Деревня в Усяжском сельсовете находится при реке Усяжа, в 12 км от железнодорожной станции Смолевичи на линии Минск — Орша. Согласно переписи 1897 года, это деревня в Юрьевской волости Борисовского уезда, где насчитывалось 58 дворов и 335 жителей, действовали церковь и магазин. В начале XX века в селе было уже 67 дворов, в которых проживали 406 человек. В 1903 году здесь было открыто народное училище. Здание для него построили в 1904 году. Согласно переписи 1926 года, население деревни значительно увеличилось — 530 жителей, проживавших в 105 хозяйствах. Работала трудовая школа 1–й ступени, в которой двое учителей учили около 80 детей, в том числе 25 девочек. В начале 1930–х годов, когда проводилась коллективизация, в деревне создали колхоз «Праца», открыли кузницу. Довоенная жизнь сельчан не была насыщена событиями: работа в колхозе, скромные дома, большие семьи — все это приметы самой обычной биографии людей того поколения. Но именно в этой, хотя и небогатой, но вполне устроенной жизни и было их простое человеческое счастье. Пока не ворвалась в их жизнь война.
Из воспоминаний
Василия Ивановича Коношонка
1929 года рождения, житель деревни
«Я до войны пять классов окончил в местной семилетней школе.
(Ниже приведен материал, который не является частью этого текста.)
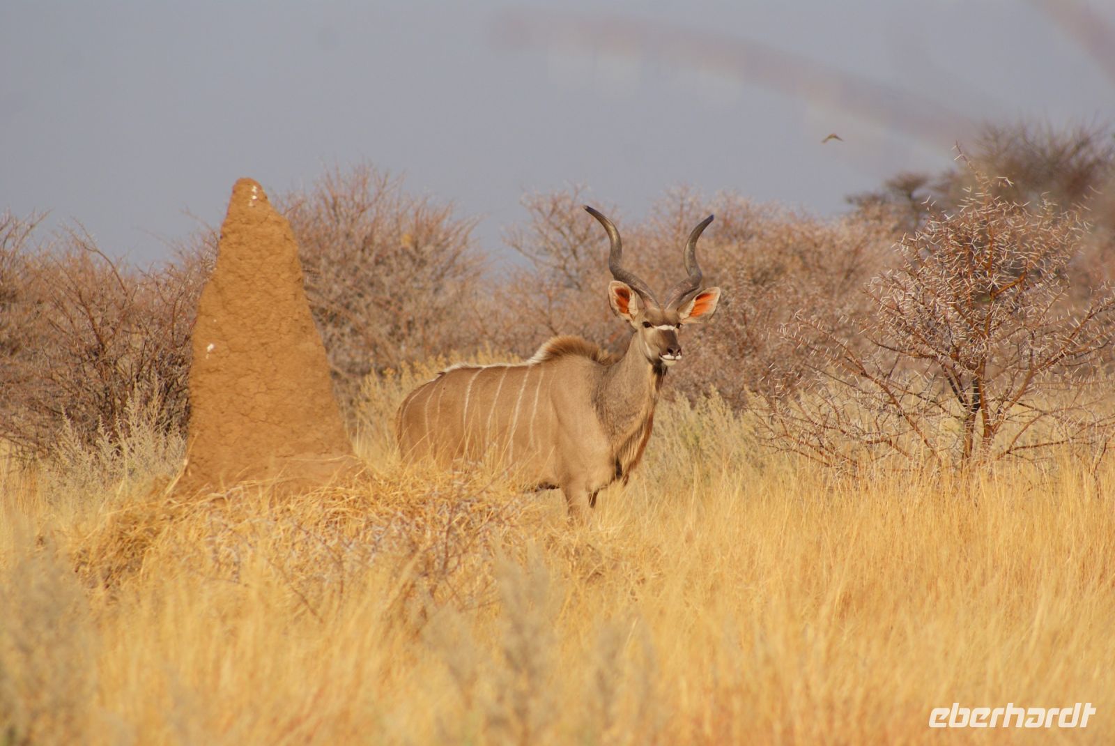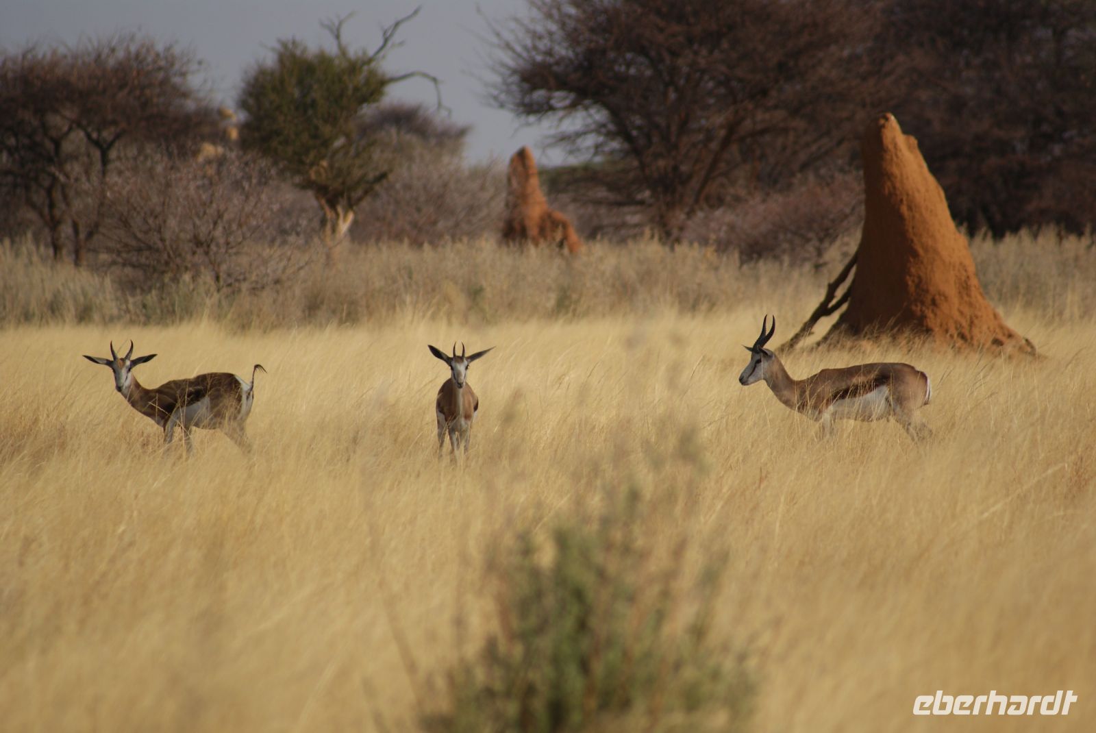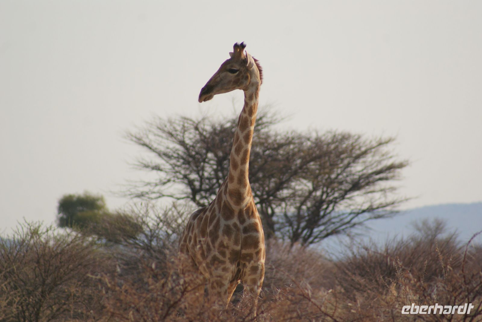 Nach einem ruhigen Flug haben wir es am frühen Morgen endlich geschafft. Noch schnell das Einreiseprocedere hinter uns bringen und schon nimmt uns unser Driverguide Gian-Paolo Tommasi herzlich in Empfang. Wir starten zunächst mit dem Sparmarkt in Windhoek, um uns mit einheimischen Produkten wie Adapter, Mückenpräparaten und einem kleinen Mittagssnack zu versorgen. Danach geht es auf City Tour. Wir parken an der wunderschönen alten Christuskirche und spazieren von dort aus zu Fuß zum Unabhängigkeitsmuseum (auch Kaffeemaschine genannt), weiter zur Alten Feste bis hin zum Tintenpalast. Alles Bauten aus vergangenen Zeiten, die noch erstaunlich gut erhalten sind. Wir setzen die Reise fort, halten in Okahandja (bedeutet: „wo zwei Flüsse zu einem werden“), genießen ein kühles Getränk oder leckeren Kaffee, kosten das erste Biltong/Trockenfleisch, bevor es dann zu unserem Tagesziel der Otjiwa Lodge geht. Hier angekommen, machen wir uns kurz frisch und schon steht unsere erste Pirschfahrt zum Sundowner bevor. Guide Moses fährt und führt uns und wir staunen nicht schlecht, was wir am ersten Nachmittag bereits zu sehen bekommen. So kreuzen Impalas, Springböcke, Steinböcke, Giraffen, Perlhühner, Riesentrappen, Bienenfresser sowie Waffenkibitze und weitere unseren Weg und wir genießen die herrliche Stimmung. Kurz vor Sonnenuntergang finden wir uns auf einem Hügel ein, wo schon einige Köstlichkeiten und kalte Getränke auf uns warten. Wir genießen den Ausblick und Augenblick in vollen Zügen. Zurück im Hotel erfolgt ein sehr schmackhaftes Abendessen, wo wir zwischen Wild, Hecht und Vegetarisch entscheiden können.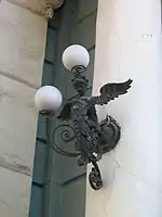 La façade d'angle est dominée par un dôme surmonté d'une statue dorée de Mercure, le dieu du commerce, avec des chaussures ailées et portant un pétase et un caducée, œuvre du sculpteur Đorđe Jovanović[3] ; pour cette raison, pour préciser une direction, les vieux habitants de Novi Sad se réfèrent à lui en indiquant « l'angle de la rue avec l'homme d'or »[5]. À l'angle des rues Grčkoškolska et Miletićeva, le portail possède des vantaux en fer forgé avec des motifs rocaille stylisés et portant les initiales CKZ (Centralni kreditni zavod) en ligature ; l'entrée est encadrée de hauts vases de pierre et de colonnes supportant une balustrade épousant la courbe de la façade d'angle ; après la balustrade, des colonnes engagées aux chapiteaux composites, soulignent la verticalité de l'ensemble, déjà mis en valeur par le couronnement du dôme[2].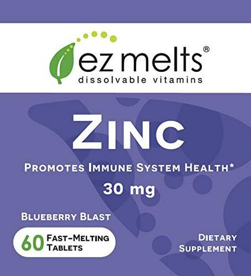 EZ Melts Zinc for Immune Support, 30 mg, Sublingual Vitamins, Vegan, Zero Sugar, Natural Blueberry Flavor, 60 Fast Dissolve Tablets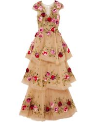 Gown Crepe de chine Satin trims Gathered Concealed hook and zip fastening at side Fully lined Fluted hem Non-stretchy fabric Mid-weight fabric Delicate dry clean. Made in Italy. Viscose 61%, Acetate 39%. Colour: multicolour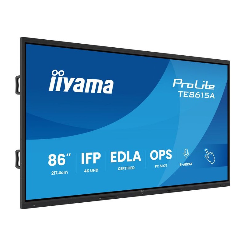 TE8615A-B1AG iiyama 86" Stylish IFP, iiWare21E (EDLA -Google-GMS-apps), Android 14 86" Stylish IFP, iiWare21E (EDLA -Google-GMS-apps), Android 14 86" Stylish IFP, iiWare21E (EDLA -Google-GMS-apps), Android 14, 16/128GB, 40-Points DeepContrast IR+ with Optical Bonding, 3840x2160, UHD IPS panel, Metal Housing, Fan-less, NFC, PIR (Motion sensor), Speakers 2x 20W front facing + 20W subwoofer, 8-Array Microphone, 2x HDMI, HDMI-out, DispayPort, 2x USB-C up to 100W PD, Audio out: mini-jack and Optical Out, 550cd/m², Landscape mode, Media Play USB Ports, AntiGlare Glass, LAN, WiFi6, BT5.0, RS232C, Integrated iiWare (WhiteBoard, iiShare (cast), browser, iiControl (DMS)), OPS PC Slot, VESA 800x600 (mount included)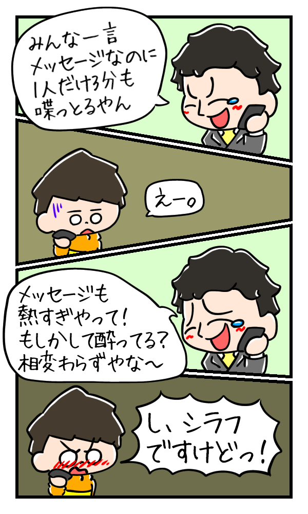 それにメッセージが…熱すぎたようです。とてもシラフで言っているとは思えないだとか(笑)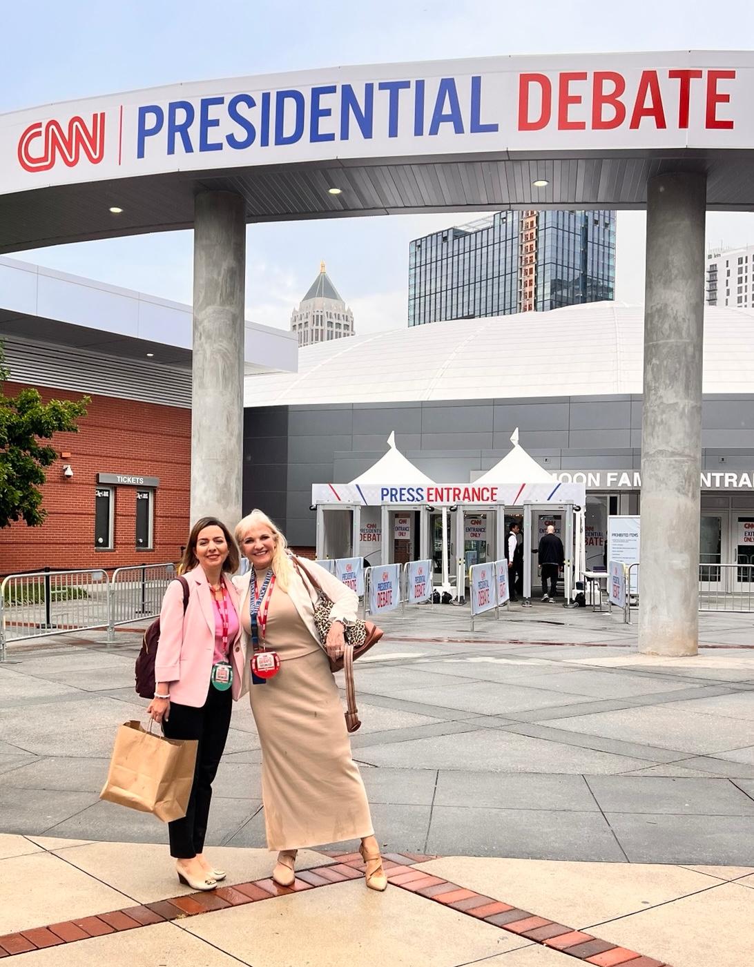 Epoch Times reporters Emel Akan (L) and Janice Hisle prepare to cover the presidential debate between President Joe Biden and former President Donald Trump in Atlanta on June 27, 2024. (Madalina Vasiliu/The Epoch Times)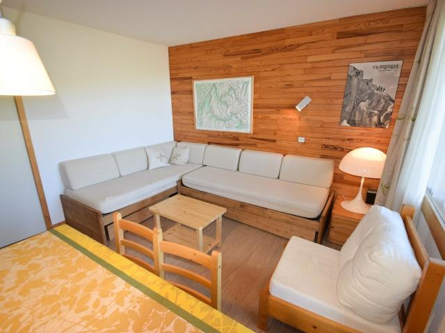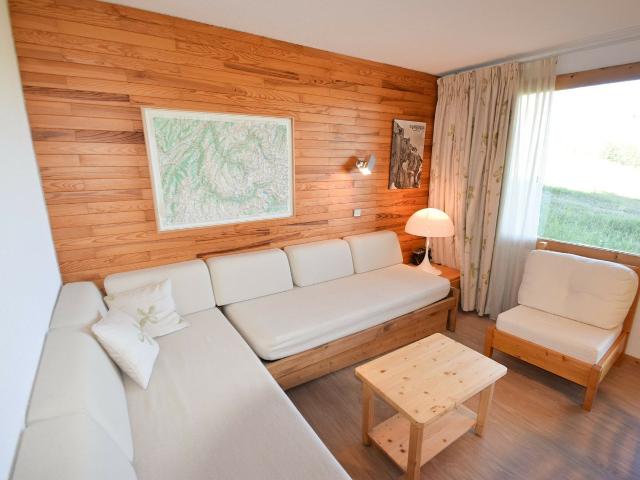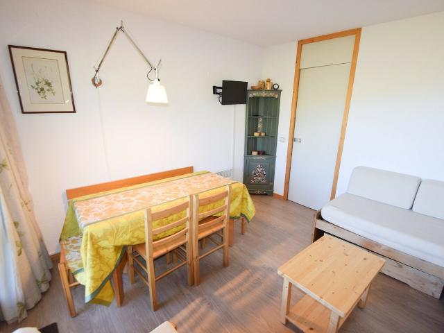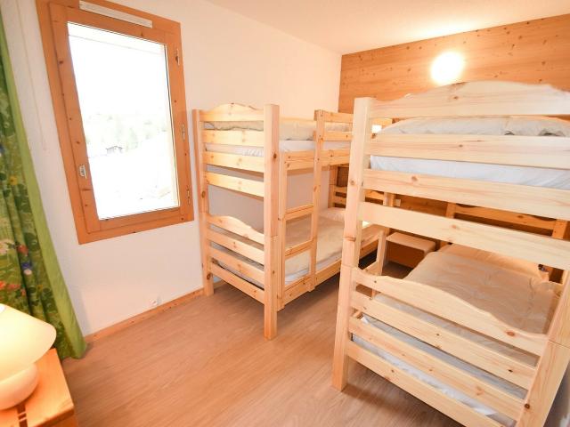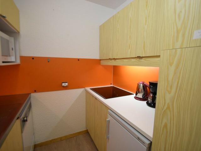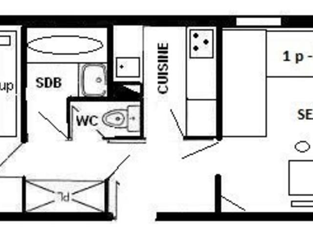 Appt 2 pièces 5 pers, env 35 m2, exposition Sud/Ouest, de plain-pied avec petite terrasse (déneigement non garanti), accès direct et vue sur les pistes, RDC - Entrée 2 - Cuisine: 4 plaques vitrocéramiques, four multi-fonctions, réfrigérateur, Lave-vaisselle - Séjour : coin repas, 1 banquette-lit 1 pers (80cm)- Télévision - Chambre : 2 x 2 lits superposés (80cm) - SDB : baignoire, WC séparés. Les sols: plastique - Literie : couettes - Ménage de fin de séjour, draps, serviettes et forfaits ski en option. ANIMAUX NON ADMIS. Casier à skis n°21 au RDC.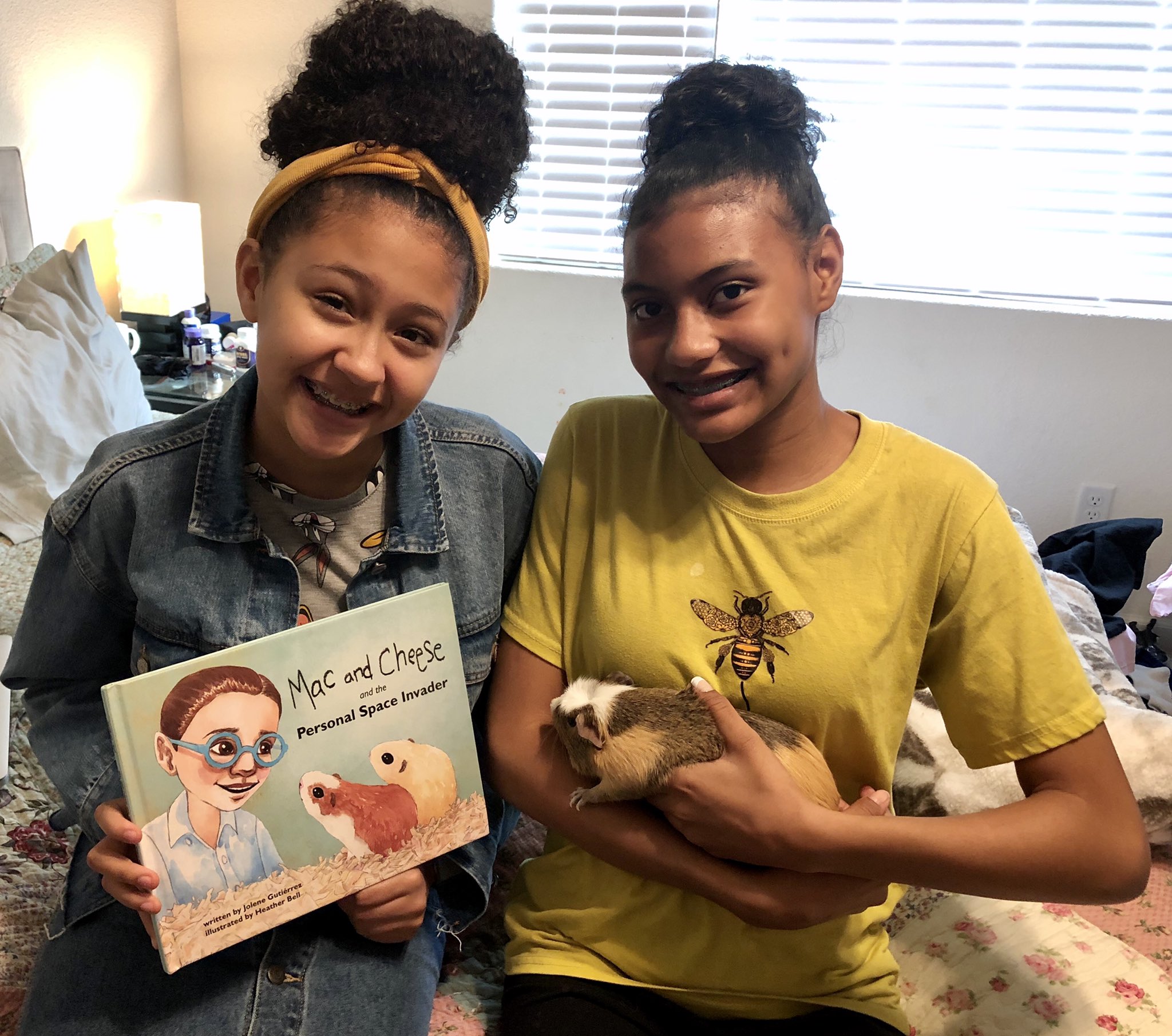 Jolene: Oh, my goodness! I love hearing that the sticker made it on his phone! I knew the main character, Oliver, was a kid who loved animals and nature, and I thought he could study the class pets and try to learn social skills from them. . .and then, I needed to decide what type of animals the class pets would be. I settled on guinea pigs and named them Mac and Cheese, and Heatherโs Mac and Cheese are just adorable!ย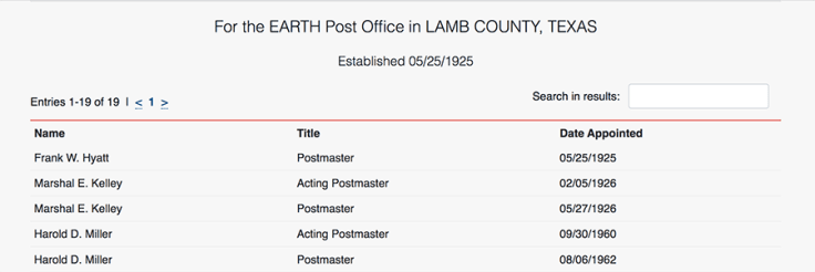 So, there we have it! The honor of serving as Earth’s first postmaster goes to Contender 1, Frank W. Hyatt, son-in-law of Ora H. Hume, the man who applied for the town’s post office. Hyatt only served for 274 calendar days, compared with his successor’s nearly 35 years in the position. But we can say officially that he was the first postmaster of Earth.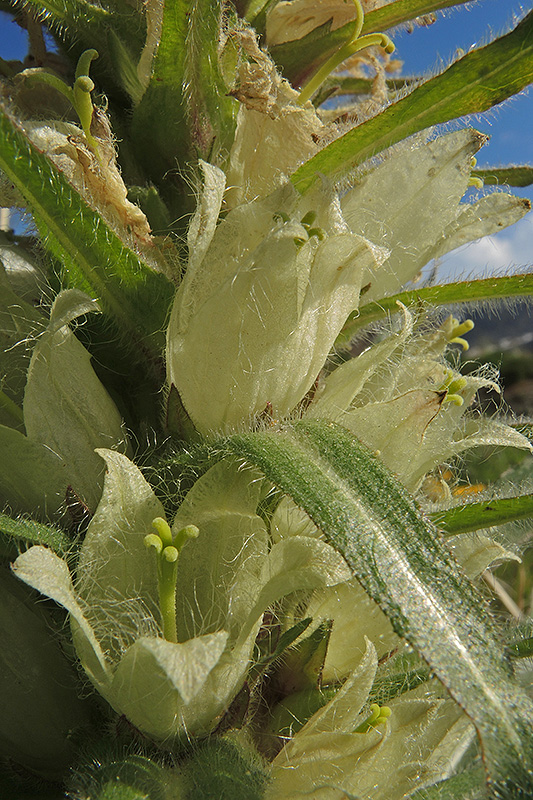 Ein Detailausschnitt des Blütenstandes. Informationen zur Pflanze: Art: Straussblütige Glockenblume (Campanula thyrsoides). Verbreitung: Mittel- und südosteuropäisch - Alpen, Jura und Balkan. Regionale Verbreitung Alpen: In Höhen zwischen 1000 und 2700 m, in den nördlichen Kalkketten selten, in den südlichen Kalkketten zerstreut, örtlich selten, in den zentralen Ketten vereinzelt. Vorkommen: Nährstoffreiche, feuchte, sonnige, steinige, gut durchlüftete, kalkhaltige Böden - Matten, Bergwiesen, Wildheuplanken, Felsbänder, Geröll. Wuchshöhe: 10 – 50 cm. Blüte: Juni - August, Länge Blüte 2 cm. |
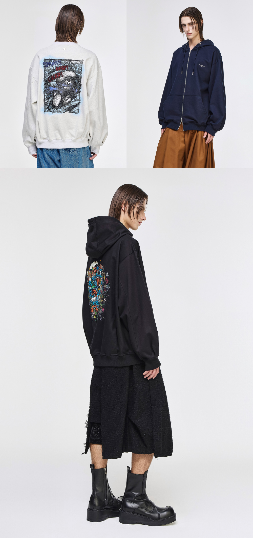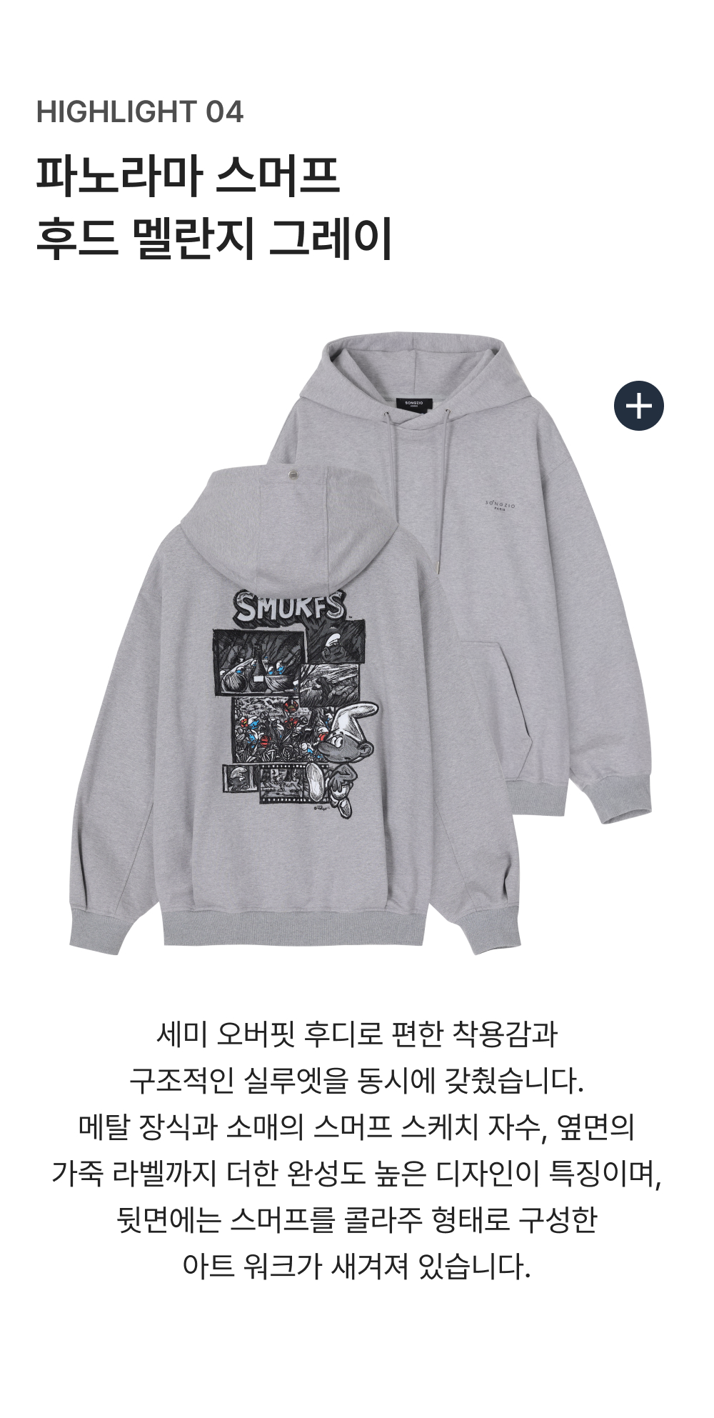 송지오옴므 파노라마 스머프 후드 멜란지 그레이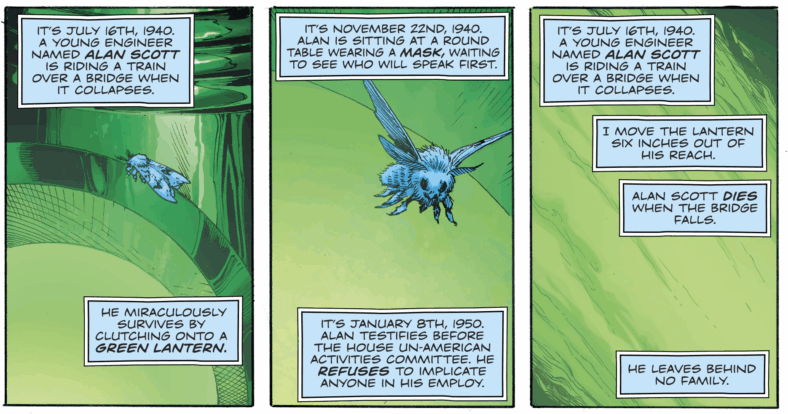 Moving along in sequence, Barry proceeds to dig deep into the DCU’s past, touching upon not only major events like the creation of the Green Lantern Corps and the debut of the Justice Society of America, but also relatively obscure ones like the Starheart’s arrival in China centuries before its discovery by Alan Scott or the Haunted Tank’s deployment on the frontlines of World War 2.

А дальше нужно было продолжать учебу в Юрьево, да война помешала. Помню, что в деревне клуб хороший стоял, где вечерами молодежь на танцы собиралась. Очень много людей приходило. Пусть и небогато жили, но веселиться умели. Мама Надежда Васильевна и папа Иван Олемпович работали в местном колхозе. Оба были с 1898 года рождения. В нашей семье четверо детей росло — я, Люба, Витя и Маруся. Пятая сестра на два года меня старше была, умерла еще маленькой, когда ходила в первый класс. Жили, как все. Кто знает, как бы жизнь сложилась, если бы не немцы. Все стали говорить в деревне, что война началась. А что мы там понимали?
Никто же не знал, что всем уготовано пережить
Мужиков местных стали в армию забирать. Сначала ушло человек пять. Шли они куда–то под Зеленый Бор. Из тех, кто первыми ушли, ни один не вернулся. Трех или четырех человек как–то перехватили гитлеровцы и пригнали обратно. И тут же сами прибыли к нам в Мгле. Мы с хлопцами на улице гуляли, когда первые немцы на мотоциклах, на которых в люльках были пулеметы установлены, в деревню въехали. А потом еще и машины подкатили. Расположились фрицы на берегу нашей реки, поставили кухню и стали купаться. А у одного нашего сельчанина телка молодая недалеко паслась. Сорвалась она, глупая, с привязи и пошла к этой кухне на запах, наверное. Людей не боялась, скотинка домашняя. А немец подплыл к берегу, достал из кобуры пистолет, выстрелил и убил ее. А потом эту телочку фашисты и разделали. Хозяйка прибежала, стала кричать: «Ай, пан, что же ты наделал?!» А фрицы достали из карманов оккупационные марки и дали их женщине, якобы заплатили. А что толку от этих марок?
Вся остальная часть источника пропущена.